Athletics: Gender tests study 'shows female testosterone advantage'
- Published
Gender tests for female athletes with high levels of testosterone could be reinstated after a new study found it gave them a "competitive advantage".
Athletics' governing body the IAAF commissioned the research because it wants to prove it was right to test women with hyperandrogenism.
It wants to reinstate rules limiting how much testosterone female athletes can have in their bodies.
The Court of Arbitration for Sport (Cas) suspended the rules in July 2015.
The Cas suspension was for two years, giving the IAAF until July 2017 to prove its case.
The new research by doctors Stephane Bermon and Pierre-Yves Garnier has been published in the British Journal of Sports Medicine.
It is based on analysis of samples taken from 2,127 elite male and female athletes from the 2011 and 2013 World Championships.
It concludes high testosterone levels give a "significant competitive advantage" in the 400m, 400m hurdles, 800m, hammer throw, and pole vault events in particular.
What happens next?
Cas had made the ruling after clearing Indian sprinter Dutee Chand to race, in a decision which questioned the validity of so-called gender tests around naturally high testosterone levels in female athletes.
Chand took the case to Cas after being banned following a failed a hormone test, with her legal team arguing the ruling was discriminatory and flawed.
In challenging the decision, the IAAF will use the evidence from Bermon and Garnier's study.
"Our starting position is to defend, protect and promote fair female competition," said Bermon.
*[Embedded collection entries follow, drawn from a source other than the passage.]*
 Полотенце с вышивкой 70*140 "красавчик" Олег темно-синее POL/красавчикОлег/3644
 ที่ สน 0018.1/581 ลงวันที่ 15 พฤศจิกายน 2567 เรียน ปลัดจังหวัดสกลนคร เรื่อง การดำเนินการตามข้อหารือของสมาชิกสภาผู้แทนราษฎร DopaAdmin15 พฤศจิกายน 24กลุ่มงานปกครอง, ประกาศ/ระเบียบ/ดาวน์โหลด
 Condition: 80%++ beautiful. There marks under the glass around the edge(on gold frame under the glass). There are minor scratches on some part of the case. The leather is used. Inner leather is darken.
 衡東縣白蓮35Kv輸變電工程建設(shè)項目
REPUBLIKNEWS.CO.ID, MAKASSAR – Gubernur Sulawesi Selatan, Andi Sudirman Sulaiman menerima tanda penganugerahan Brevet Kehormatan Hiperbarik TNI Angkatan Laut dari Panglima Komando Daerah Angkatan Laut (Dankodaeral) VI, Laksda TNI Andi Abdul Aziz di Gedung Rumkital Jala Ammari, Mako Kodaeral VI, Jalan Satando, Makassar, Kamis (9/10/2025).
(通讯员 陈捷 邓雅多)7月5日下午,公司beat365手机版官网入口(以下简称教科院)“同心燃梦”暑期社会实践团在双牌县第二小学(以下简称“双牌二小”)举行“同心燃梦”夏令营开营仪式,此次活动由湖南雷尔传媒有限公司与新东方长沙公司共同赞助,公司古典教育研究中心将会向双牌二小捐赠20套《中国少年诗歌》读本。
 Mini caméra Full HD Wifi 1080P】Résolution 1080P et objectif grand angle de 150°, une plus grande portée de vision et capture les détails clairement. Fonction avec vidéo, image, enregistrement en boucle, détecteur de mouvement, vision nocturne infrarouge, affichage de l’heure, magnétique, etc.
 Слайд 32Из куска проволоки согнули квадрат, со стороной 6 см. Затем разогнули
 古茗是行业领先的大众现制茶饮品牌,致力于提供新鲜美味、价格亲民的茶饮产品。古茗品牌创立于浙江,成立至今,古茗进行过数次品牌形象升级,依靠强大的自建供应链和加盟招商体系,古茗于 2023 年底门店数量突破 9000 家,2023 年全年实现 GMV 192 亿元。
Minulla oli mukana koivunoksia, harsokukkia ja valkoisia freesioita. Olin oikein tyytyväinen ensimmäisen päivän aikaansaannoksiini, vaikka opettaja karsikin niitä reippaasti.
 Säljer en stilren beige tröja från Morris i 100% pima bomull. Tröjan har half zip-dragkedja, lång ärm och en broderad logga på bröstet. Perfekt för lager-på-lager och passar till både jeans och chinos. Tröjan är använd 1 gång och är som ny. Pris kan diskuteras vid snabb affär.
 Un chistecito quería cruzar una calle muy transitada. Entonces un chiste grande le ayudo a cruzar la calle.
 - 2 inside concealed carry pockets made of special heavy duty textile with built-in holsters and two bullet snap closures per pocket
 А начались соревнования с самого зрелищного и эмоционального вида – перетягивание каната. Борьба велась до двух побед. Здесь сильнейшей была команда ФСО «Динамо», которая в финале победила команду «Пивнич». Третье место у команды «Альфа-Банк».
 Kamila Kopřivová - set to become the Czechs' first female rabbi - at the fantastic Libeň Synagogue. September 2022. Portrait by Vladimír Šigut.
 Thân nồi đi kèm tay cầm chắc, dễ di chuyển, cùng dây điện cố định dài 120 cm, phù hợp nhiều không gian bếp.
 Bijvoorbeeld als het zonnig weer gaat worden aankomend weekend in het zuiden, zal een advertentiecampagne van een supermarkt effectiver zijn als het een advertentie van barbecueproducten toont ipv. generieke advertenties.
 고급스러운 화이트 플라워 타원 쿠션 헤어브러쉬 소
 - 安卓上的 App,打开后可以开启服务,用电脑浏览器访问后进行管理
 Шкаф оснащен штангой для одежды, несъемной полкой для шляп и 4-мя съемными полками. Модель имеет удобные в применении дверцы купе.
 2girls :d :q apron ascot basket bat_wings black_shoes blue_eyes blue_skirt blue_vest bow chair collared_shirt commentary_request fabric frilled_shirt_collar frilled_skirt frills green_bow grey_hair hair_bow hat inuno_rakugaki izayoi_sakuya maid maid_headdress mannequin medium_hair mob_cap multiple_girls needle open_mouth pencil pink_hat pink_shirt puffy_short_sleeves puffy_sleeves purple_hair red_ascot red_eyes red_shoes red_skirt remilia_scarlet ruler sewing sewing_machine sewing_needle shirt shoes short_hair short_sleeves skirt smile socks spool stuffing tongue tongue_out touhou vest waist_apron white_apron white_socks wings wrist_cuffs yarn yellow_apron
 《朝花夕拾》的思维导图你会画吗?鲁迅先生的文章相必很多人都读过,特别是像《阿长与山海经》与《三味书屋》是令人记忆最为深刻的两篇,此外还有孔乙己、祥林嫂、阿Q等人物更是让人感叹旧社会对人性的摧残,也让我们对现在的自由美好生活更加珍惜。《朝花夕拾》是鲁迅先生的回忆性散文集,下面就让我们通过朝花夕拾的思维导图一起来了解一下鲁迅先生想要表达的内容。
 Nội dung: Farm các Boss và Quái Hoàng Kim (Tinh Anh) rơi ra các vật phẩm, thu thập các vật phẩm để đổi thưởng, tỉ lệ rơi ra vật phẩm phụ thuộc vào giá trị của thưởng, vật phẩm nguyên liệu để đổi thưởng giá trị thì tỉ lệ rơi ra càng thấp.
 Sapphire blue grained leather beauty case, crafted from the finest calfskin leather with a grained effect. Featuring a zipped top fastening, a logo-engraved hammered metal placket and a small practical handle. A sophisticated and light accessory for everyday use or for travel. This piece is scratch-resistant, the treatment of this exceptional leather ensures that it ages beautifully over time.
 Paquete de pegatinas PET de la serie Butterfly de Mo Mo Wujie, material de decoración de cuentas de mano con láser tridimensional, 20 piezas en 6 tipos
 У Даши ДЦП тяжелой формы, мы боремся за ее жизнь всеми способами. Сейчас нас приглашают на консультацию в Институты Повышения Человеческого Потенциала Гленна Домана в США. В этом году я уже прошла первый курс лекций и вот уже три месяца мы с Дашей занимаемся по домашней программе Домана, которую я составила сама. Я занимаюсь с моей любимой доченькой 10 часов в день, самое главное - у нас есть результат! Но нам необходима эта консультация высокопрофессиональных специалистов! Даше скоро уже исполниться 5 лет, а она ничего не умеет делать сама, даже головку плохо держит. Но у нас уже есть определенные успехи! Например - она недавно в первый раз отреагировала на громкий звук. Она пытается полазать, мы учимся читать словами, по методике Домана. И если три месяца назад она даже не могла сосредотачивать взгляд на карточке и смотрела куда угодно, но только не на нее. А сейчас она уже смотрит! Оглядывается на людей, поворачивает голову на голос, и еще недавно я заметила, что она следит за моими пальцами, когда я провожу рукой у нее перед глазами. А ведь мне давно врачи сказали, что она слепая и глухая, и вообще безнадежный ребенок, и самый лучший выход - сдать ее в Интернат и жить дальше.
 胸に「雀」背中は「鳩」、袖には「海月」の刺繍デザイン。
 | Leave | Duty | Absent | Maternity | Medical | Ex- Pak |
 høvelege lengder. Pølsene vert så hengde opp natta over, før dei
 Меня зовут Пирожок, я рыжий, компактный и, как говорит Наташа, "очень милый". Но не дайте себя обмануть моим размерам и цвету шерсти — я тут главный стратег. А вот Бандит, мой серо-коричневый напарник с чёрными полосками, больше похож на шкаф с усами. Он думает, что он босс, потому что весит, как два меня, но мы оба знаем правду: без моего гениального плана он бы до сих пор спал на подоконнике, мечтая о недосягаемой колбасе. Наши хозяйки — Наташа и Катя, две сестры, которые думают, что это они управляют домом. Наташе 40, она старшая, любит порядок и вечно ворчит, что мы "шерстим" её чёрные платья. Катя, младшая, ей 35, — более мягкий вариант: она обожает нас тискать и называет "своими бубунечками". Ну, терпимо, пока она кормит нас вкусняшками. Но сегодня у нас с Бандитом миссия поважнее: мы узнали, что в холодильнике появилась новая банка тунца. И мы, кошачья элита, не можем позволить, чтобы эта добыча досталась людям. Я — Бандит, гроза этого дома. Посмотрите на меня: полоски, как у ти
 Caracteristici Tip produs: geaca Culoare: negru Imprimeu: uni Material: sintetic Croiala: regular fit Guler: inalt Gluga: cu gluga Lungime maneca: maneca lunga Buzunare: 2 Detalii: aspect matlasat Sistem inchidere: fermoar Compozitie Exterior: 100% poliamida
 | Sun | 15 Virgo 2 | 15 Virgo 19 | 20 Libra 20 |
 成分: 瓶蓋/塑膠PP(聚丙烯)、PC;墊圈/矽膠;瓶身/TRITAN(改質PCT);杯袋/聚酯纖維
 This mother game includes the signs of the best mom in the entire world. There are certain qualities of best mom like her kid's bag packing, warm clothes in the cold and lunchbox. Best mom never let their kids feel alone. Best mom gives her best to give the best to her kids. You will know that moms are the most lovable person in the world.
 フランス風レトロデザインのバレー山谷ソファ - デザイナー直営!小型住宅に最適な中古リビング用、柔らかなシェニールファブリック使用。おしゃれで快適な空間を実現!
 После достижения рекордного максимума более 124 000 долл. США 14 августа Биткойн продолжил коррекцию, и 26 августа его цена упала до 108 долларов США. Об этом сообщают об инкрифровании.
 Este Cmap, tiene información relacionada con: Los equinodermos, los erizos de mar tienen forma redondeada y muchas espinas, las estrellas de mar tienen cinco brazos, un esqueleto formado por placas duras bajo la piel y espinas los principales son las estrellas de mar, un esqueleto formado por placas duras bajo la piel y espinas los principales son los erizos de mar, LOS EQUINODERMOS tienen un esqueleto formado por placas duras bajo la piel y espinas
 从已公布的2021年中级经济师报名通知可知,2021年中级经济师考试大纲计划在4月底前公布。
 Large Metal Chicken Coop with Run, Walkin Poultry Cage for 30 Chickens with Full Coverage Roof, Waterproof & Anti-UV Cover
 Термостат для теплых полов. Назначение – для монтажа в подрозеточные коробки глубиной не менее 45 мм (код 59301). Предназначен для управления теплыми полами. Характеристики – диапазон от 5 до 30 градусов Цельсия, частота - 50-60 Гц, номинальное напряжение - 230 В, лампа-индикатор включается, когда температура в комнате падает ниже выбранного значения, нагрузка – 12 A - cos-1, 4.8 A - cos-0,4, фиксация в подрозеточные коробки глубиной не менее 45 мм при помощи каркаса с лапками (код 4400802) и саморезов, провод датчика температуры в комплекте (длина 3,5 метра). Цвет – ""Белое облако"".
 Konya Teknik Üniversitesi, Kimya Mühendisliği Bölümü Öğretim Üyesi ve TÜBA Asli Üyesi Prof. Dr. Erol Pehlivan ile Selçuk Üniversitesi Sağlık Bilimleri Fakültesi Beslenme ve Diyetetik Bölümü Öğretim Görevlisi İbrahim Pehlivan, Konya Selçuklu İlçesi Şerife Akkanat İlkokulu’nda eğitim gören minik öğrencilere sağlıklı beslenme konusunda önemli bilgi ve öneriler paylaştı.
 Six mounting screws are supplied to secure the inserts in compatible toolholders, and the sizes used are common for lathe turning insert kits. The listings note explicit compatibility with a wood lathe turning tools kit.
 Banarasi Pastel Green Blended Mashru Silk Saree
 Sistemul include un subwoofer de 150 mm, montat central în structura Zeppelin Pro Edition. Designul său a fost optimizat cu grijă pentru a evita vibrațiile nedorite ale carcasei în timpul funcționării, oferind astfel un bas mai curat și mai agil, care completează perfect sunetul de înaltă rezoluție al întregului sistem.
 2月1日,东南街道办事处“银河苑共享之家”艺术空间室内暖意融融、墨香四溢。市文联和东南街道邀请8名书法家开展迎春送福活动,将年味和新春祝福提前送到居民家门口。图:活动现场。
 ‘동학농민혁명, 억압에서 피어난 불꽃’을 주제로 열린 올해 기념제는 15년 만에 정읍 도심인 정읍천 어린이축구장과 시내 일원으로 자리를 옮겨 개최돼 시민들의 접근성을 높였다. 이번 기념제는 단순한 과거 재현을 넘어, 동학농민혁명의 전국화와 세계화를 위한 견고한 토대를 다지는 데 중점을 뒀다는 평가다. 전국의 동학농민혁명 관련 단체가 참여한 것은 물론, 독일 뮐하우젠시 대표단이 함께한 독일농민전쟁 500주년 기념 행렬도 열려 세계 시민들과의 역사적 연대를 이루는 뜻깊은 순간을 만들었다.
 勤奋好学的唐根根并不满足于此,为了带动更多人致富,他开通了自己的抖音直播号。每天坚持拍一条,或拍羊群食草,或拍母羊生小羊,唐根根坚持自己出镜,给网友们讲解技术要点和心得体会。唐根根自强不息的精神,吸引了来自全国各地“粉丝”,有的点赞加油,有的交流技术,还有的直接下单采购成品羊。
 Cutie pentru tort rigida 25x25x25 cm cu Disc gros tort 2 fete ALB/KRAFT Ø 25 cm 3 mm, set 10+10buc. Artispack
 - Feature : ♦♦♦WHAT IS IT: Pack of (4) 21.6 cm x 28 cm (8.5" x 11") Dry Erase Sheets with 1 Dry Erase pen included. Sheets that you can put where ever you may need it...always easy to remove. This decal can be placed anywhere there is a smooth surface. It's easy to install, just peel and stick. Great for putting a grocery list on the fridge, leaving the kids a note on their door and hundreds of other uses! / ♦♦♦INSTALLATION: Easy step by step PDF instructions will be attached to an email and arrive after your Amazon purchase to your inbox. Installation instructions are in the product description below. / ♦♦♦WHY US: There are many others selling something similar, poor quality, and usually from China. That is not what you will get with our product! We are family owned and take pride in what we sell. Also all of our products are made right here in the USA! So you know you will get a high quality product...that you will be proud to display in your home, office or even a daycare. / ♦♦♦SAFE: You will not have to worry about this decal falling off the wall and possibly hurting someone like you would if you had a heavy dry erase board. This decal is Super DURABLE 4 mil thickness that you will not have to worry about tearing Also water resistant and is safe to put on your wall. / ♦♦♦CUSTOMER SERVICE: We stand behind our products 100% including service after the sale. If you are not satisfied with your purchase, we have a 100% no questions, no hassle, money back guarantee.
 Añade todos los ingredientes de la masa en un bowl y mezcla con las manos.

"If, as the study shows, in certain events female athletes with higher testosterone levels can have a competitive advantage of between 1.8%-4.5% over female athletes with lower testosterone levels, imagine the magnitude of the advantage for female athletes with testosterone levels in the normal male range.
"This study is one part of the evidence the IAAF will be submitting to Cas regarding the degree of performance advantage that hyperandrogenic female athletes enjoy over female athletes with normal testosterone levels.
"We continue to gather more data and research on our journey to providing a fair and level playing field for females in our sport."
In a statement, the IAAF added that the rules would remain suspended until the issue is resolved with Cas, meaning "that this process will have no impact on the IAAF World Championships in London this August".
Why is this an issue?
Chand was the first athlete to challenge the regulations, introduced in the wake of the Caster Semenya affair in 2009.
South African teenager Semenya was asked to take a gender test shortly before winning the 800m at the 2009 World Championships in Berlin.
Subjected to enormous media scrutiny, Semenya subsequently returned to the sport, winning Olympic gold medals in the 800m at London 2012 and Rio 2016.
She finished second in London but this was upgraded when Russian Mariya Savinova was stripped of her gold after being found guilty of doping.
Critics have described the IAAF's stance as "biological racism", calling it discriminatory, arbitrary and pointing to possible psychological effects on those who have to take the tests.
In 2015, Chand told the BBC: "I know people started suspecting whether I was a woman or a man. All the honour I earned - I lost.
"My friends used to start asking what's wrong with me, and started to avoid me. In training centres, where girls used to share rooms, I was kept separately."